■ Problem requirements
Transcribe the listing in full, word for word; pictures do not belong in the copy.
╭─ Information supplied
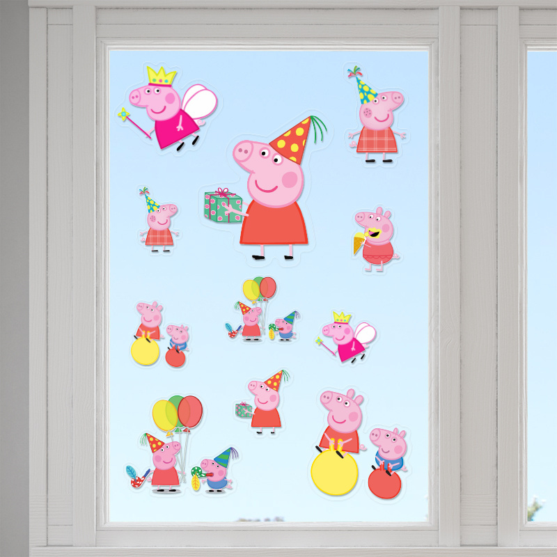 Εξαιρετικά διάφανα αυτοκόλλητα τζαμιού Peppa, κατασκευασμένα από υλικό υψηλής ποιότητας. Ανανεώστε την ατμόσφαιρα σας με τα αυτοκόλλητα τζαμιού Peppa! Δώστε ζωντάνια στον χώρο σας με την αγαπημένη σας θεματολογία
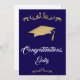 Elégante Golden Félicitations Graduate Graduate Card. Carte de graduation avec capuchon de graduation, script tendance et ornements or. Félicitations et nom du diplômé sur le devant - personnalisez avec votre nom. Personnalisez le texte à l'intérieur de la carte ou effacez-le.
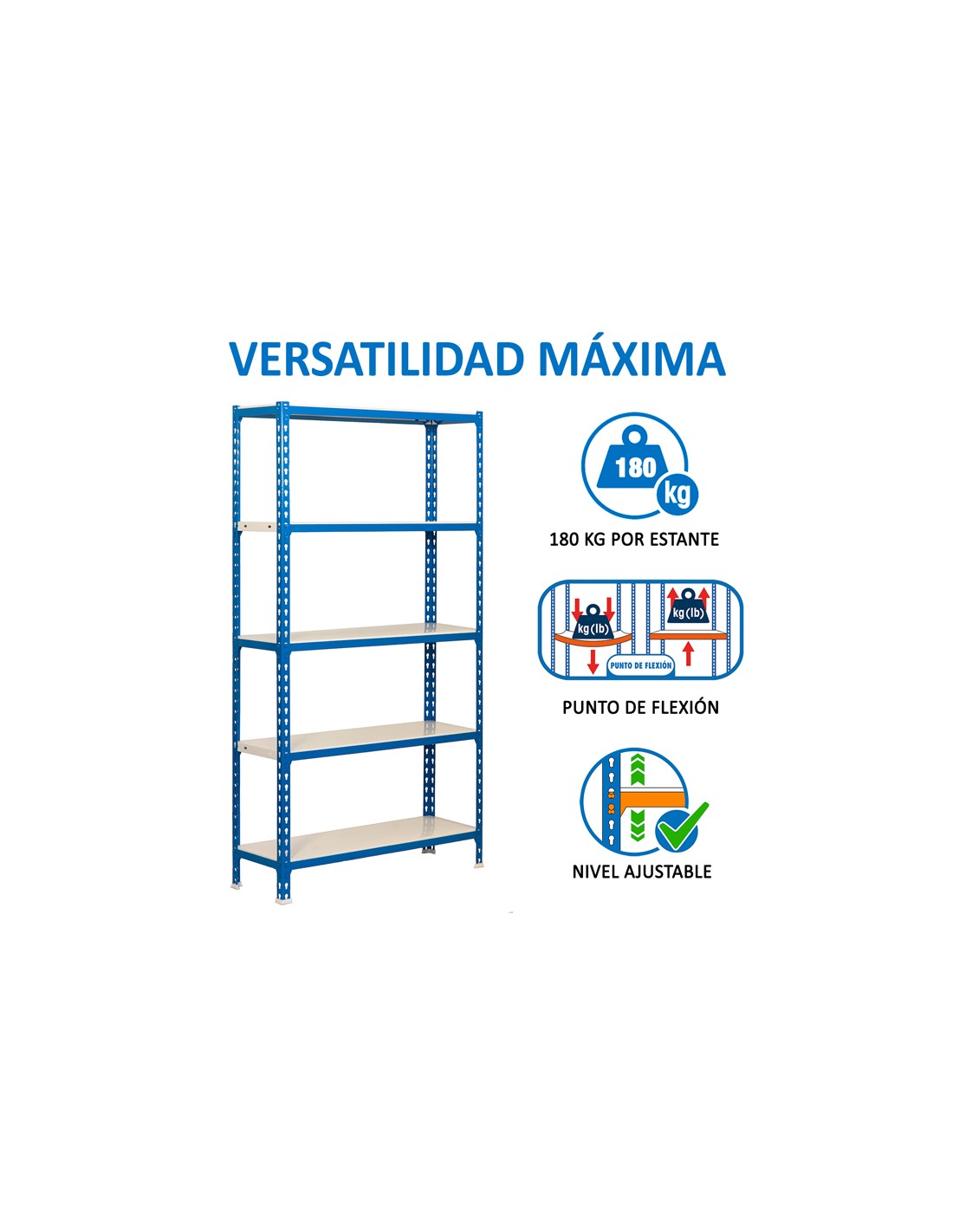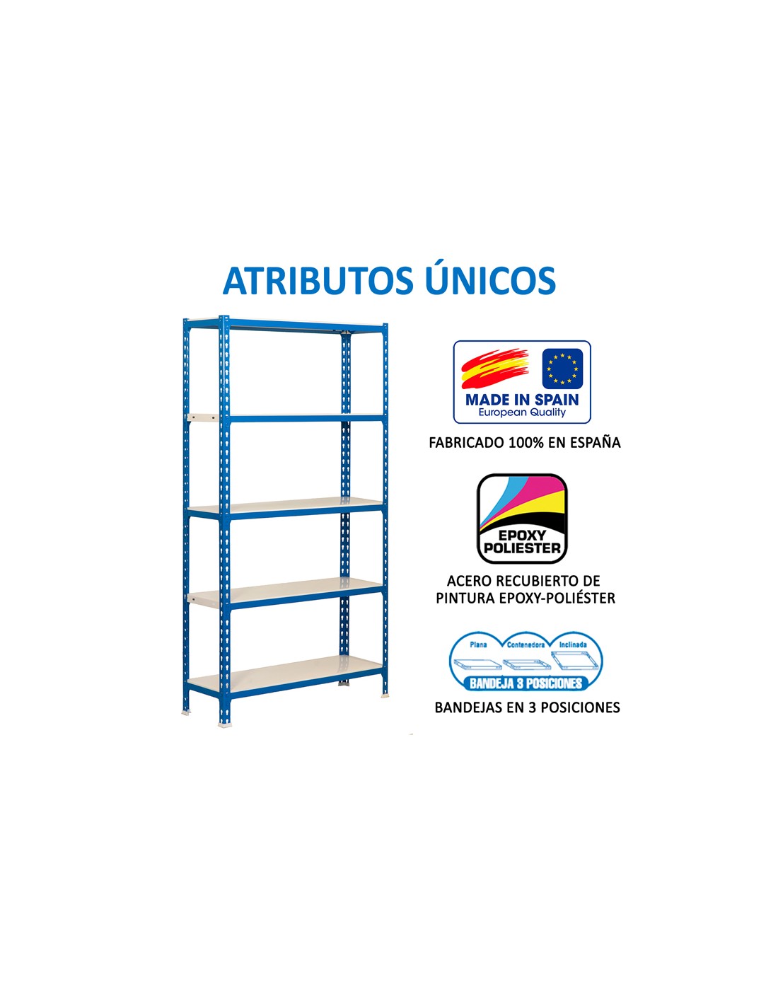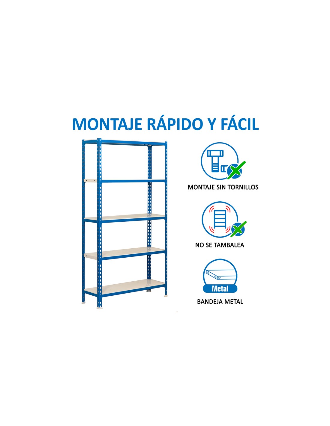 Estantería metálica sin tornillos de color azul/blanco. Capacidad de cargapor estante 180 kg. Número de estantes 5. La única estantería que permi te poner las bandejas en tres posiciones diferentes. Producto español, calidad europea. Medidas (alto x ancho x fondo) 1800x800x400 mm.
╰─
■ Response to this task
 Εξαιρετικά διάφανα αυτοκόλλητα τζαμιού Peppa, κατασκευασμένα από υλικό υψηλής ποιότητας. Ανανεώστε την ατμόσφαιρα σας με τα αυτοκόλλητα τζαμιού Peppa! Δώστε ζωντάνια στον χώρο σας με την αγαπημένη σας θεματολογία
 Elégante Golden Félicitations Graduate Graduate Card. Carte de graduation avec capuchon de graduation, script tendance et ornements or. Félicitations et nom du diplômé sur le devant - personnalisez avec votre nom. Personnalisez le texte à l'intérieur de la carte ou effacez-le.
 Estantería metálica sin tornillos de color azul/blanco. Capacidad de cargapor estante 180 kg. Número de estantes 5. La única estantería que permi te poner las bandejas en tres posiciones diferentes. Producto español, calidad europea. Medidas (alto x ancho x fondo) 1800x800x400 mm.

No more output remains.